**Task to carry out**
Set each entry down verbatim, omitting images.

**Dataset entries**
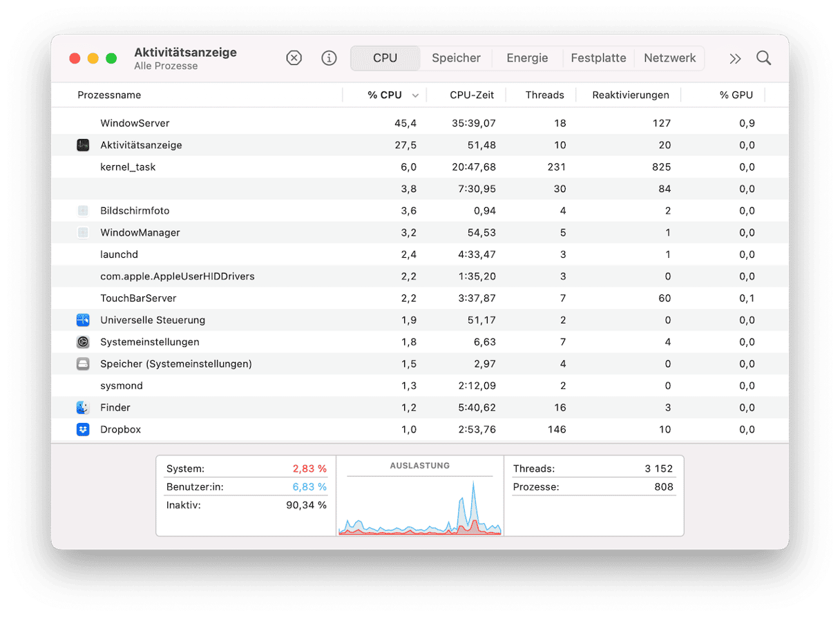 - Wenn Ihr Mac langsam ist, dann achten Sie besonders auf den Bereich „CPU“. Hier wird angezeigt, wie sich Prozesse auf die CPU (den Prozessor) auswirken. Intensive Apps wie Videobearbeitungsprogramme oder Spiele beanspruchen in der Regel mehr CPU-Kapazität. Diese Apps werden auf der Registerkarte CPU ganz oben in der Liste aufgeführt. Wenn eine App die CPU stark belastet, dann können Sie sie beenden: Markieren Sie die App oder den Prozess und klicken Sie auf das „X“ in der linken Ecke der Aktivitätsanzeige.
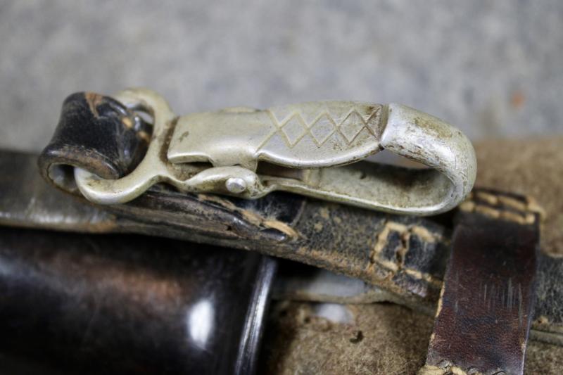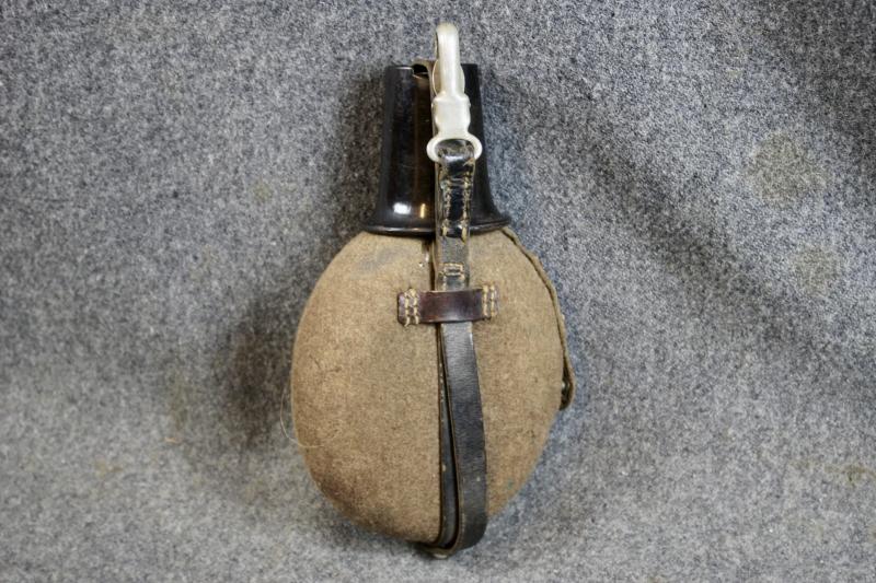 This is a M31 water bottle which is dated 1942 maker marked GNL and has a 1933 dated cap, which retains its rubber seal and is maker marked WAL. This example comes with a black bakelite cup. The felt cover has a moth hole just by the leather harness loop.
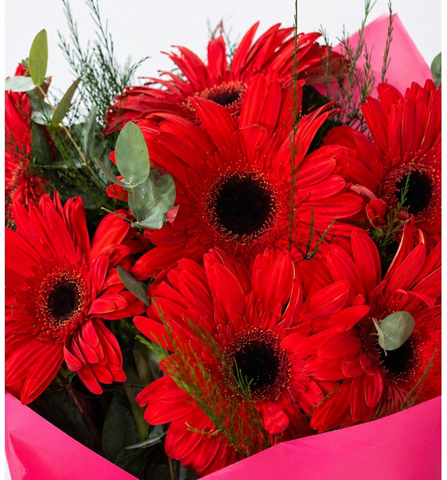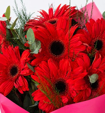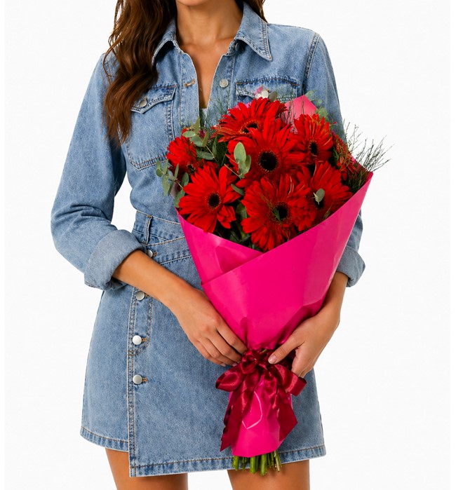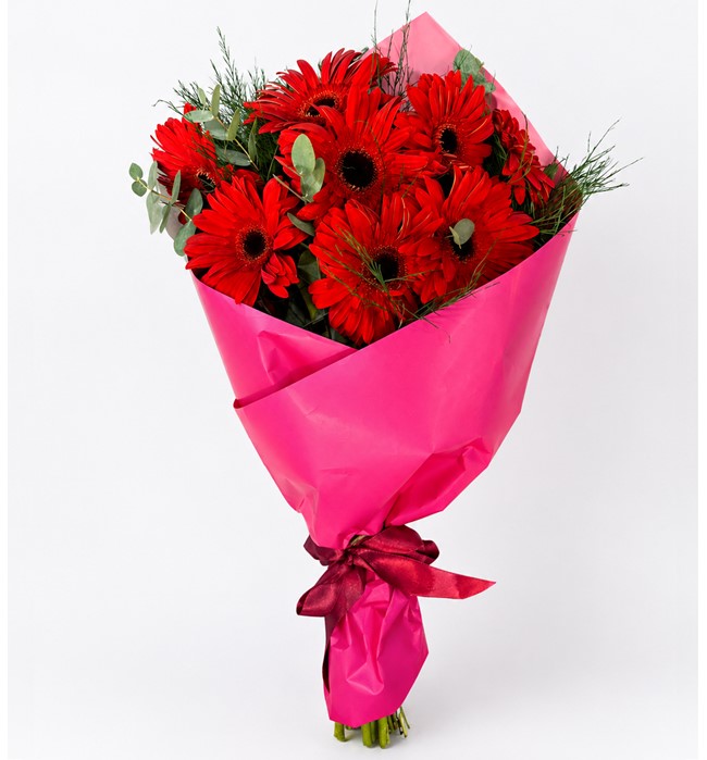 Yaklaşık 30-40 cm buket, kırmızı gerbera yeşillikler ile hazırlanıp, pembe tonlarında ambalaj kağıdına sarılmıştır.
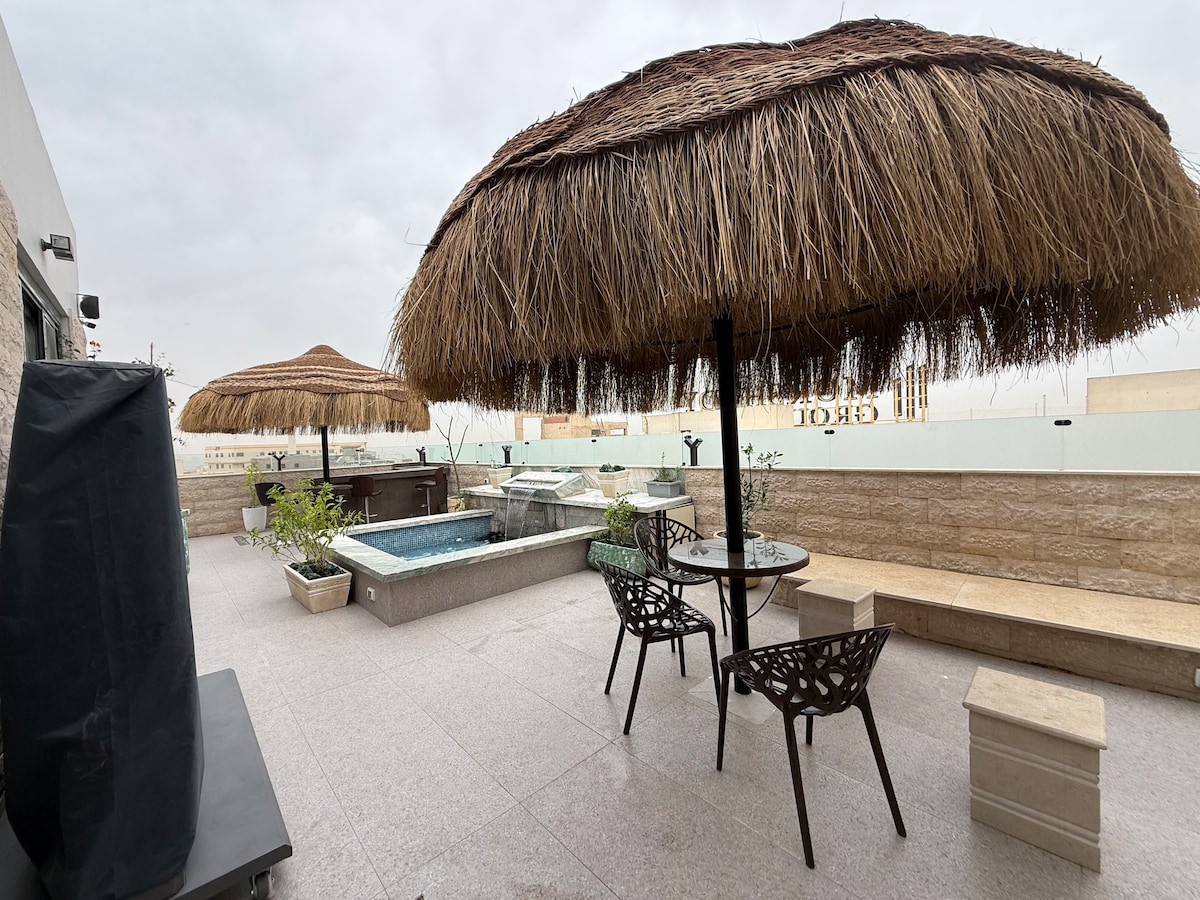 � وصف الشقة: 🛋️ غرفة المعيشة تجربة فندقية فاخرة بلمسة منزلية راقية! استمتع بأجواء راقية تجمع بين الفخامة والراحة، حيث تتميز غرفة المعيشة بتصميم عصري أنيق ومساحة واسعة بعناية. تضم منطقة جلوس مريحة مثالية للاسترخاء، وجهاز PS4 للترفيه. ولعشّاق المشاهدة، ستستمتع بـ تلفزيون OLED سينمائي فاخر مقاس 75 بوصة مع جودة صورة مذهلة، إلى جانب إنترنت فائق السرعة لتجربة ترفيه متكاملة تناسب الإقامات القصيرة والطويلة 🍸 المطبخ: مفتوح على غرفة المعيشة بأسلوب أنيق، ومزوّد بـ كراسي بار فاخرة تضيف لمسة جمالية راقية.
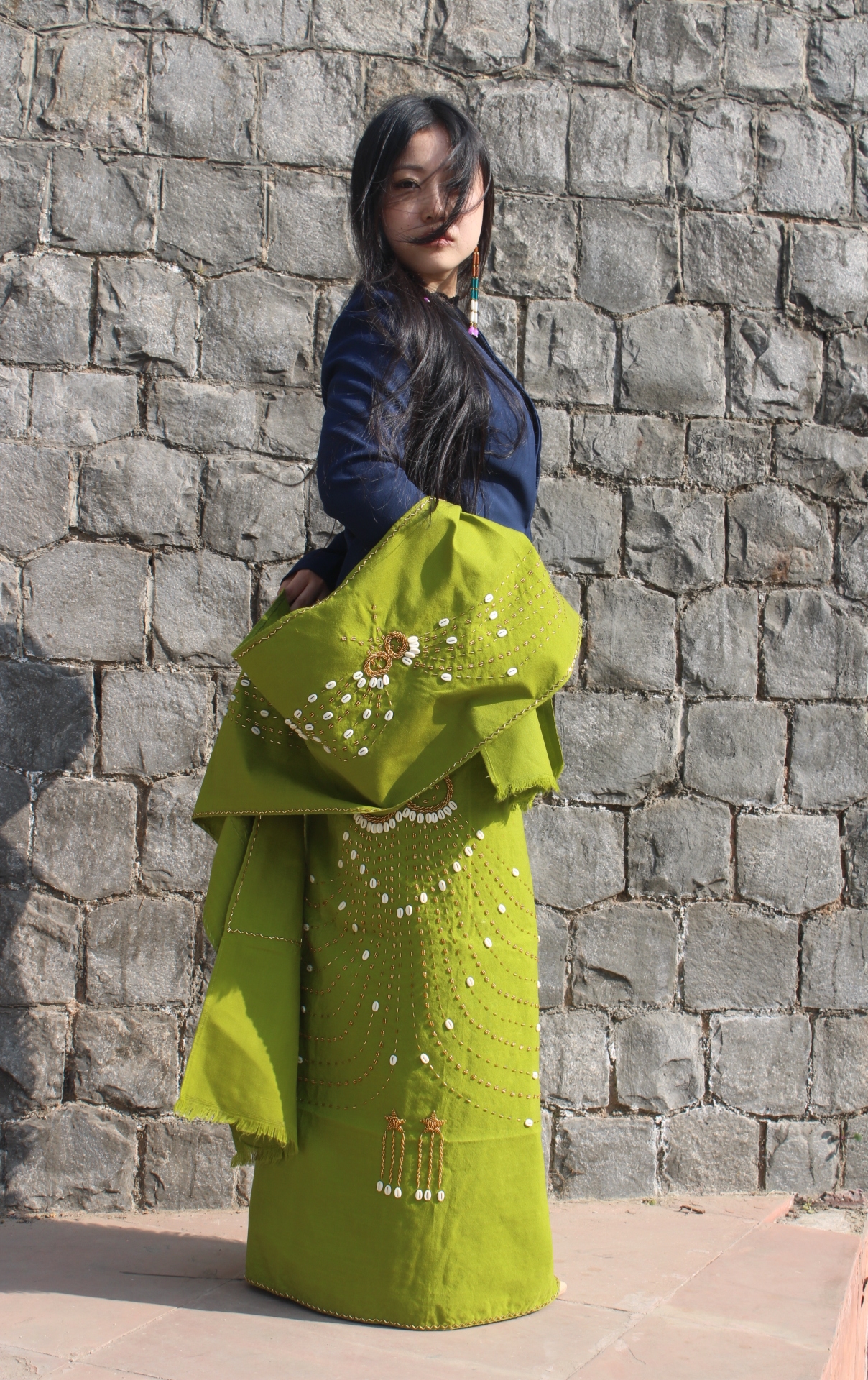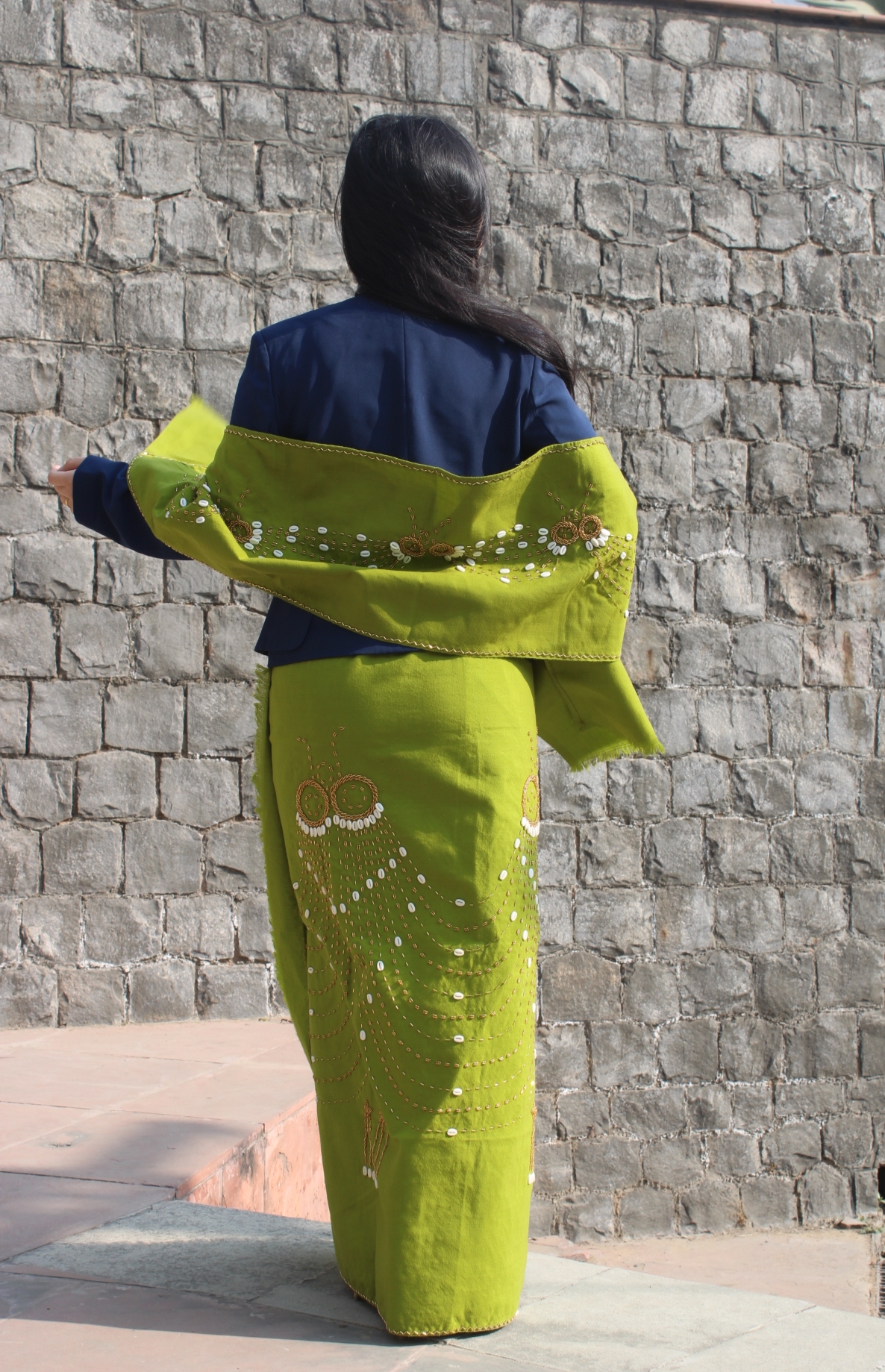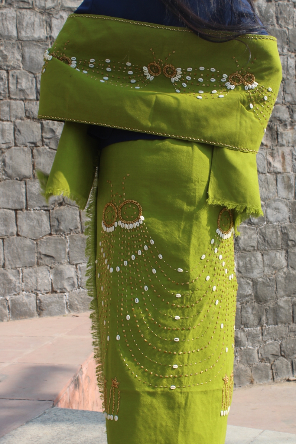 Khomsing Kashan Suit, Green | Seashell Embroidery
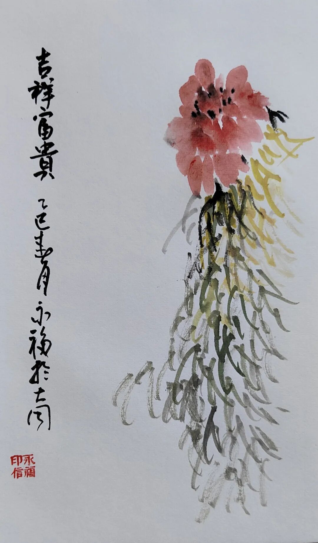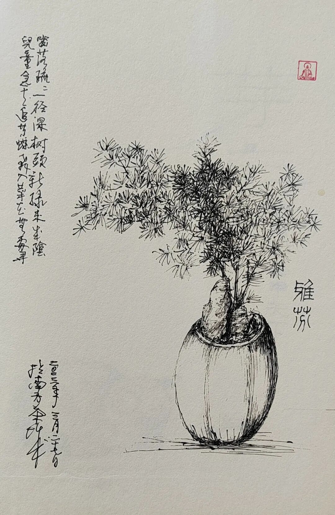 笔墨超绝,传染得宜,意趣有余者,谓之妙品。这是我对张永福先生书画作品的第一印象。看他的画作,显然是继承了至净至简的写意宗旨,往往寥寥数笔便能营造出空灵淡远的意境。观其笔下的一枝寒梅、半叶残荷,或孤石野径,皆能删繁就简,去芜存菁,遂在极简的构图中蕴含无限生机,一览天然妙趣!不事雕琢之痕,惟存清气浮动,朴素中蕴含妙美,平淡中自有味象。而这些看似信手拈来的山水小品、花鸟写意,实则也都是张永福先生经年累月师法造化的提炼结果。蒙味于心,是谓格物致知!
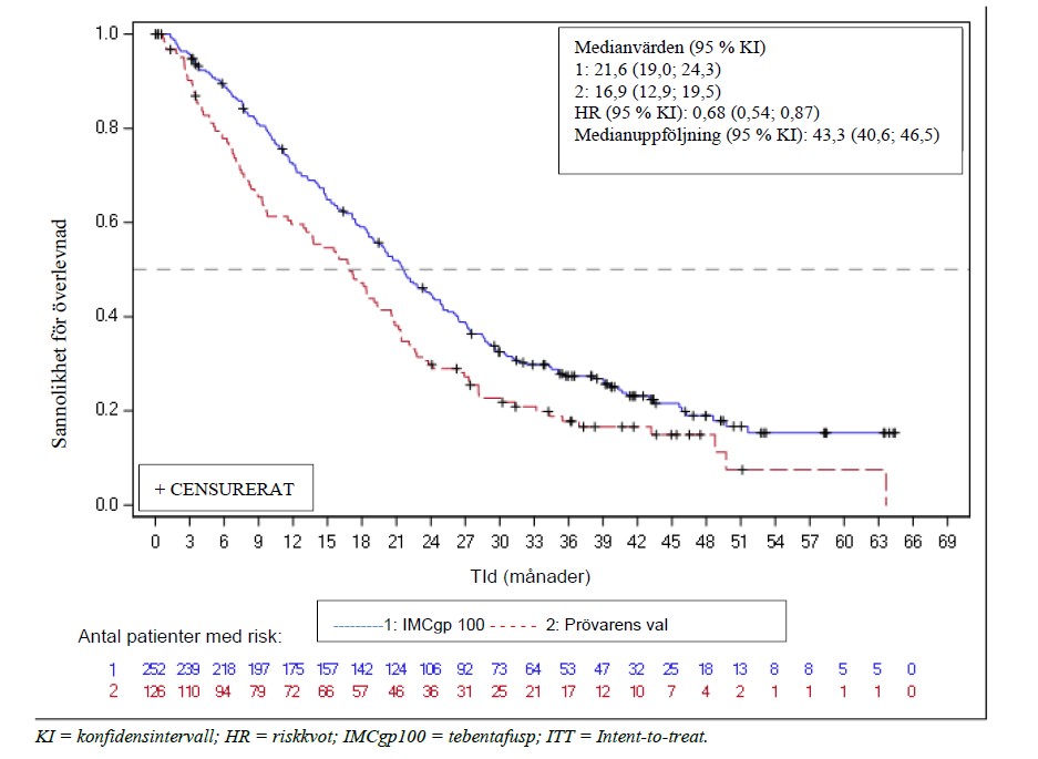 Efter 3 års uppföljning fortsätter tebentafusp att ge betydande överlevnadsfördel jämfört med prövarens val.
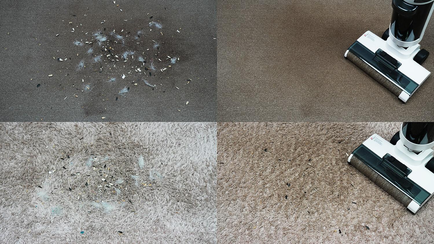 Šis šlapio/sauso valymo dulkių siurblys netinka kilimams su ilgais arba puriais sluoksniais. Dėl volelio ir siurbimo sistemos konstrukcijos jis gali surinkti šiukšles tik paviršiuje, bet nepašalina jų iš gilių sluoksnių. Tai patvirtina bandymų rezultatai: tokių kilimų valymo efektyvumas yra žymiai mažesnis nei įprastų vertikalių sauso valymo dulkių siurblių.

**Task solution**
 - Wenn Ihr Mac langsam ist, dann achten Sie besonders auf den Bereich „CPU“. Hier wird angezeigt, wie sich Prozesse auf die CPU (den Prozessor) auswirken. Intensive Apps wie Videobearbeitungsprogramme oder Spiele beanspruchen in der Regel mehr CPU-Kapazität. Diese Apps werden auf der Registerkarte CPU ganz oben in der Liste aufgeführt. Wenn eine App die CPU stark belastet, dann können Sie sie beenden: Markieren Sie die App oder den Prozess und klicken Sie auf das „X“ in der linken Ecke der Aktivitätsanzeige.
 This is a M31 water bottle which is dated 1942 maker marked GNL and has a 1933 dated cap, which retains its rubber seal and is maker marked WAL. This example comes with a black bakelite cup. The felt cover has a moth hole just by the leather harness loop.
 Yaklaşık 30-40 cm buket, kırmızı gerbera yeşillikler ile hazırlanıp, pembe tonlarında ambalaj kağıdına sarılmıştır.
 � وصف الشقة: 🛋️ غرفة المعيشة تجربة فندقية فاخرة بلمسة منزلية راقية! استمتع بأجواء راقية تجمع بين الفخامة والراحة، حيث تتميز غرفة المعيشة بتصميم عصري أنيق ومساحة واسعة بعناية. تضم منطقة جلوس مريحة مثالية للاسترخاء، وجهاز PS4 للترفيه. ولعشّاق المشاهدة، ستستمتع بـ تلفزيون OLED سينمائي فاخر مقاس 75 بوصة مع جودة صورة مذهلة، إلى جانب إنترنت فائق السرعة لتجربة ترفيه متكاملة تناسب الإقامات القصيرة والطويلة 🍸 المطبخ: مفتوح على غرفة المعيشة بأسلوب أنيق، ومزوّد بـ كراسي بار فاخرة تضيف لمسة جمالية راقية.
 Khomsing Kashan Suit, Green | Seashell Embroidery
 笔墨超绝,传染得宜,意趣有余者,谓之妙品。这是我对张永福先生书画作品的第一印象。看他的画作,显然是继承了至净至简的写意宗旨,往往寥寥数笔便能营造出空灵淡远的意境。观其笔下的一枝寒梅、半叶残荷,或孤石野径,皆能删繁就简,去芜存菁,遂在极简的构图中蕴含无限生机,一览天然妙趣!不事雕琢之痕,惟存清气浮动,朴素中蕴含妙美,平淡中自有味象。而这些看似信手拈来的山水小品、花鸟写意,实则也都是张永福先生经年累月师法造化的提炼结果。蒙味于心,是谓格物致知!
 Efter 3 års uppföljning fortsätter tebentafusp att ge betydande överlevnadsfördel jämfört med prövarens val.
 Šis šlapio/sauso valymo dulkių siurblys netinka kilimams su ilgais arba puriais sluoksniais. Dėl volelio ir siurbimo sistemos konstrukcijos jis gali surinkti šiukšles tik paviršiuje, bet nepašalina jų iš gilių sluoksnių. Tai patvirtina bandymų rezultatai: tokių kilimų valymo efektyvumas yra žymiai mažesnis nei įprastų vertikalių sauso valymo dulkių siurblių.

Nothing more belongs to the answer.